My issue
I want to understand the basic approach to this problem
My code
import java.util.Scanner;
import java.lang.*;
import java.io.*;
class Codechef
{
public static void main(String[] args) throws java.lang.Exception
{
Scanner sc = new Scanner(System.in);
int t = sc.nextInt();
int sum = 0, largest = 0, index = 0, sales = 0;
for (int i = 0; i < t; i++) {
int n = sc.nextInt();
int arr[] = new int[n];
for (int j = 0; j < n; j++) {
arr[j] = sc.nextInt();
}
for (int k = 0; k < n; k++) {
for (int l = 0; l <= k; l++) {
if (l == k) {
sum = sum + (arr[l] * 2);
} else {
sum = sum + arr[l];
}
}
if (sum > largest) {
largest = sum;
index = k;
}
}System.out.println(largest);
for (int p = 0; p < index; p++) {
sales = sales + arr[p];
}
System.out.println(sales + (arr[index] * 2));
}
}
}
Problem Link: Sale Practice Coding Problem - CodeChef
You have a couple of issues which I commented in your code below:
- Your “largest” variable was initialized outside each test, breaking each-test largest logic
- You are using very large numbers (10^9). You should use long type instead of int.
- You waste too much time using nested loops. You could’ve used an auxilar variable to keep track of the sums, instead of summing each time (which also is never initialized within the test).

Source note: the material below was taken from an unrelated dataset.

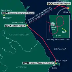 - ↑ Chronology of the Azerbaijan Airlines plane crash near Aktau. en.inform.kz [online]. 2024-12-26 [cit. 2024-12-27]. Dostupné online. (anglicky)

- You print something necessarily based on “index” something.
import java.util.Scanner;
import java.lang.*;
import java.io.*;
class Codechef
{
public static void main(String[] args) throws java.lang.Exception
{
Scanner sc = new Scanner(System.in);
int t = sc.nextInt();
long sum = 0, largest = 0, index = 0, sales = 0;
for (int i = 0; i < t; i++) {
// Each test has its own largest
largest = 0;
int n = sc.nextInt();
long arr[] = new long[n];
for (int j = 0; j < n; j++) {
arr[j] = sc.nextLong();
// You base largest is the original sum of all days
largest += arr[j];
}
// Don't waste loops. Just take into consideration your prev days
long prevDays = 0;
for (int k = 0; k < n; k++) {
/* This is so computationally heavy. Nested loops are the last option
for (int l = 0; l <= k; l++) {
if (l == k) {
sum = sum + (arr[l] * 2);
} else {
sum = sum + arr[l];
}
}*/
sum = prevDays + arr[k]*2;
if (sum > largest) {
largest = sum;
//index = k; // Why do you want this??
}
// Sum the prev days
prevDays += arr[k];
}
System.out.println(largest);
/*
for (int p = 0; p < index; p++) {
sales = sales + arr[p];
}
System.out.println(sales + (arr[index] * 2));
*/
}
}
}
can you explain me the use of variable largest which you are using. As I am not able to understand what is the use of it and what actually it is pointing.
Each test has an array the numbers, the sales Chef can make, say:
A = [1,1,1,1]
“largest” (or biggest) is the maximum amount of sales Chef can do. In this example “largest” would be 5 (1+1+1+2*1)
A= [1,7,2,1]
largest = 15 (1+7*2)
“Largest” variable is compared with all the possibilities, and stores the maximum possible.